TASK> Copy exactly the lines of the material below that fall between the line with "新工廠自2016年5月建成以" and the line with "天井をスッキリめの板貼り、現在クロス工事進行中。", both of those lines included; pictures stay out.

INPUT MATERIAL>
-- Opening Marker --
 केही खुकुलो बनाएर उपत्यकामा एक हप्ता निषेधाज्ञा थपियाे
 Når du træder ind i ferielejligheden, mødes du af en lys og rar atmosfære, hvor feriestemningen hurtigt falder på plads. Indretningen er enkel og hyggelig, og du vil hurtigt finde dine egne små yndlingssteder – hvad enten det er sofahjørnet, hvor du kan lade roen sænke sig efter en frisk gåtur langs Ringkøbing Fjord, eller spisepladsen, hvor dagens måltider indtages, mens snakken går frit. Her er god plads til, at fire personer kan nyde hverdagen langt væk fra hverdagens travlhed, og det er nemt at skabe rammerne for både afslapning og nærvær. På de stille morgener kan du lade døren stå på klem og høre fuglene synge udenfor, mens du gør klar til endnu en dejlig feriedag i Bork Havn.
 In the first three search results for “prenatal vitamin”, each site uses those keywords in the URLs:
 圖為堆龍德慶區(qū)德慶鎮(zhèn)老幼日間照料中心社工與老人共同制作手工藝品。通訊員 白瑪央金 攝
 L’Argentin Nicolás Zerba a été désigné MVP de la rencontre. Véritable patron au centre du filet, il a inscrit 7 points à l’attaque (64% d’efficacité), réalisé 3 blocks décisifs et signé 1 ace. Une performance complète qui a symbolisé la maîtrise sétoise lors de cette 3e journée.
-- Closing Marker --
-- Opening Marker --
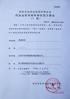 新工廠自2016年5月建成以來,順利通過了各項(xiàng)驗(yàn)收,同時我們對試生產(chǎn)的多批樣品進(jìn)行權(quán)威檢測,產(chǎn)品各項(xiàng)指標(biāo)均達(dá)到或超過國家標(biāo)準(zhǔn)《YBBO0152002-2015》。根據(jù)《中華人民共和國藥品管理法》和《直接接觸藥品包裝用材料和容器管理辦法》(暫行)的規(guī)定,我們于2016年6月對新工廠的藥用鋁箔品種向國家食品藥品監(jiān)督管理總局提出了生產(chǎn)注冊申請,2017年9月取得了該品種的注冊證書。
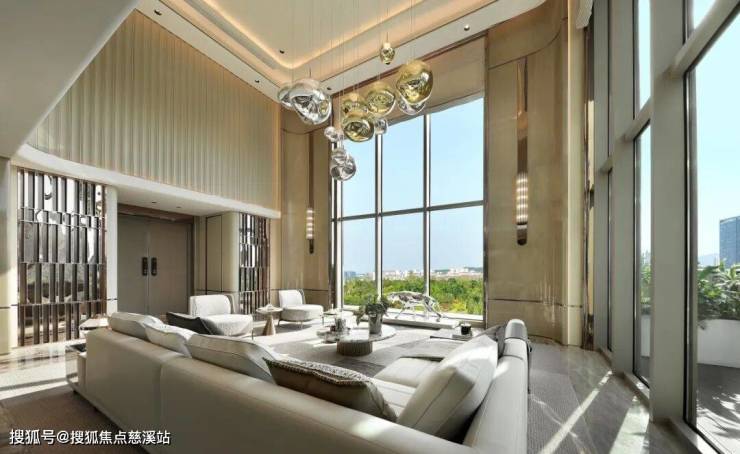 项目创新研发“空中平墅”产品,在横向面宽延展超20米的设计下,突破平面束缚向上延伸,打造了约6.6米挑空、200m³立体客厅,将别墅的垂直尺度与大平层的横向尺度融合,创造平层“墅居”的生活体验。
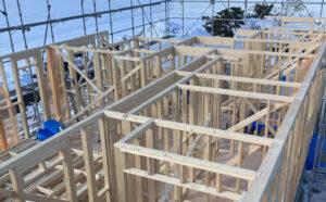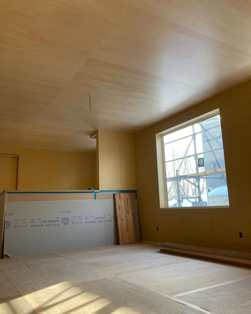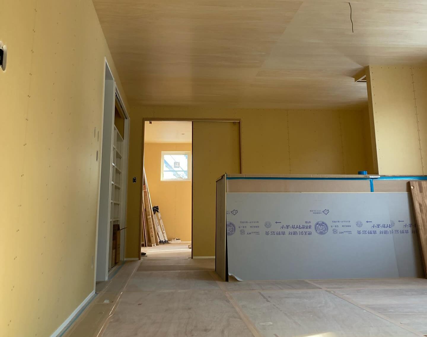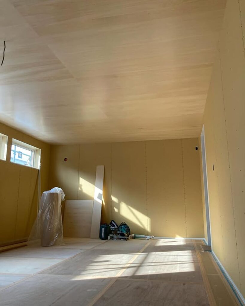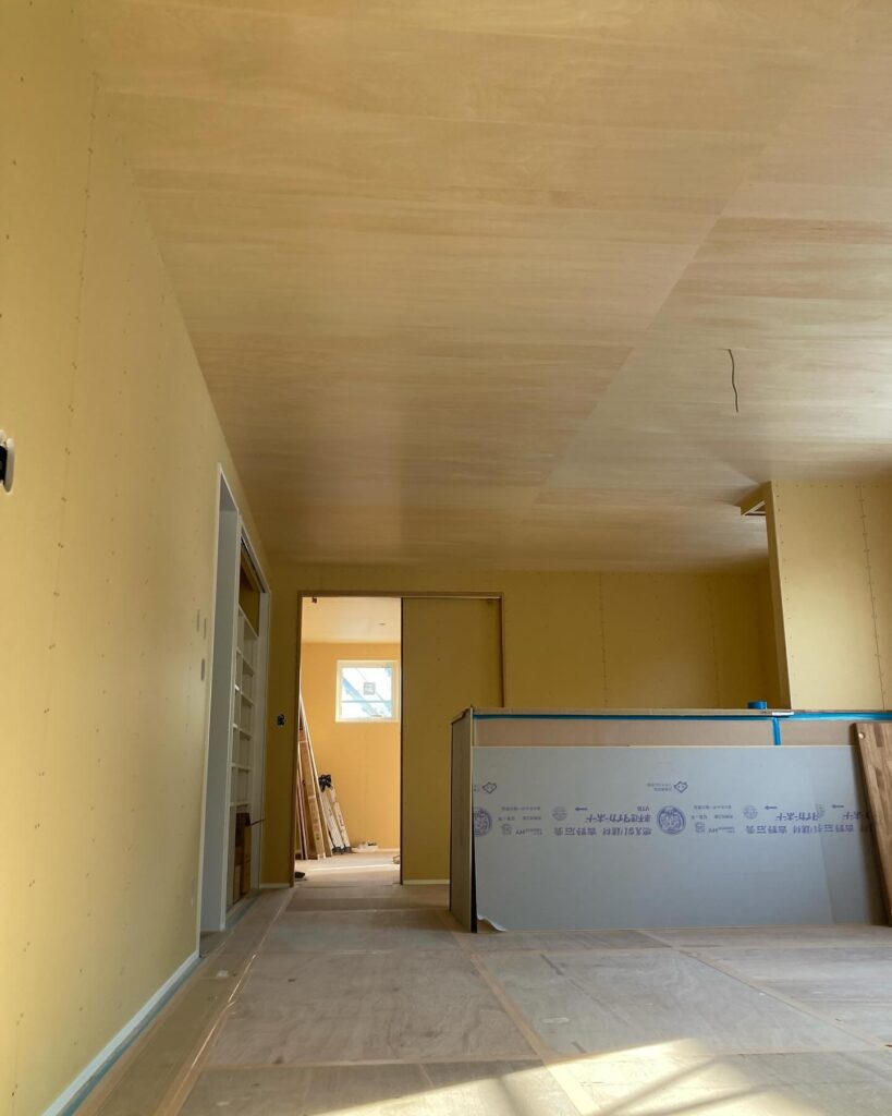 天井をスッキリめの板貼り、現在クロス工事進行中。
-- Closing Marker --
-- Opening Marker --
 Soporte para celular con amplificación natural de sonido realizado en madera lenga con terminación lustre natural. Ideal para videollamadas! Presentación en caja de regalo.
-- Closing Marker --
RESPONSE FOR THIS EXERCISE>
 新工廠自2016年5月建成以來,順利通過了各項(xiàng)驗(yàn)收,同時我們對試生產(chǎn)的多批樣品進(jìn)行權(quán)威檢測,產(chǎn)品各項(xiàng)指標(biāo)均達(dá)到或超過國家標(biāo)準(zhǔn)《YBBO0152002-2015》。根據(jù)《中華人民共和國藥品管理法》和《直接接觸藥品包裝用材料和容器管理辦法》(暫行)的規(guī)定,我們于2016年6月對新工廠的藥用鋁箔品種向國家食品藥品監(jiān)督管理總局提出了生產(chǎn)注冊申請,2017年9月取得了該品種的注冊證書。
 项目创新研发“空中平墅”产品,在横向面宽延展超20米的设计下,突破平面束缚向上延伸,打造了约6.6米挑空、200m³立体客厅,将别墅的垂直尺度与大平层的横向尺度融合,创造平层“墅居”的生活体验。
 天井をスッキリめの板貼り、現在クロス工事進行中。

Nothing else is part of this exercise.